Valdas Paulauskas

Personal information
- Date of birth: 4 February 2001 (age 25)
- Place of birth: Palanga, Lithuania
- Height: 1.78 m (5 ft 10 in)
- Position: Centre-forward

Team information
- Current team: FK Panevėžys
- Number: 79

Youth career
- 0000–2017: PFA
- 2017–2019: LFF Akademija

Senior career*
- Years: Team / Apps / (Gls)
- 2019–2023: Riteriai / 36 / (3)
- 2022: → Banga (loan) / 28 / (3)
- 2023–2024: Banga / 39 / (8)
- 2025–2026: Kauno Žalgiris / 31 / (1)
- 2026–: Panevėžys / 2 / (0)

International career^{‡}
- 2016: Lithuania U16 / 3 / (0)
- 2017–2018: Lithuania U17 / 7 / (0)
- 2019: Lithuania U19 / 6 / (0)
- 2021: Lithuania U21 / 3 / (0)
- 2024–: Lithuania / 1 / (0)

= Valdas Paulauskas =

Lithuanian footballer

Valdas Paulauskas (born 4 February 2001) is a Lithuanian football player who plays as a centre-forward for Panevėžys Club and the Lithuania national team.

==Career==
On 15 January 2025 Valdas Paulauskas signed with Kauno Žalgiris.

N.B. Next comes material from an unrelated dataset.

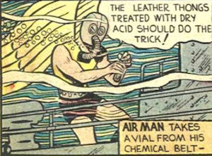 Powers/Abilities: Air Man's costume includes a pair of Helium-filled wings and a jet-pack which enable him to fly. He also carries chemicals and bombs on his belt. His boots have talons on them, and he carries an oxygen mask so he can operate underwater as easily as in the air - when he wishes to submerge, he lets water into his hollow wings to use as ballast.

On 21 July 2025 Valdas Paulauskas scored his first goal for FK Kauno Žalgiris in A Lyga against Dainava.

On 1 July 2026, FK Panevėžys announced the signing of Valdas Paulauskas.

==International career==
Paulauskas made his debut for the Lithuania national team on 6 September 2024 in a Nations League game against Cyprus at the Sūduva Stadium. He substituted Artūr Dolžnikov in the 86th minute as Cyprus won 1–0.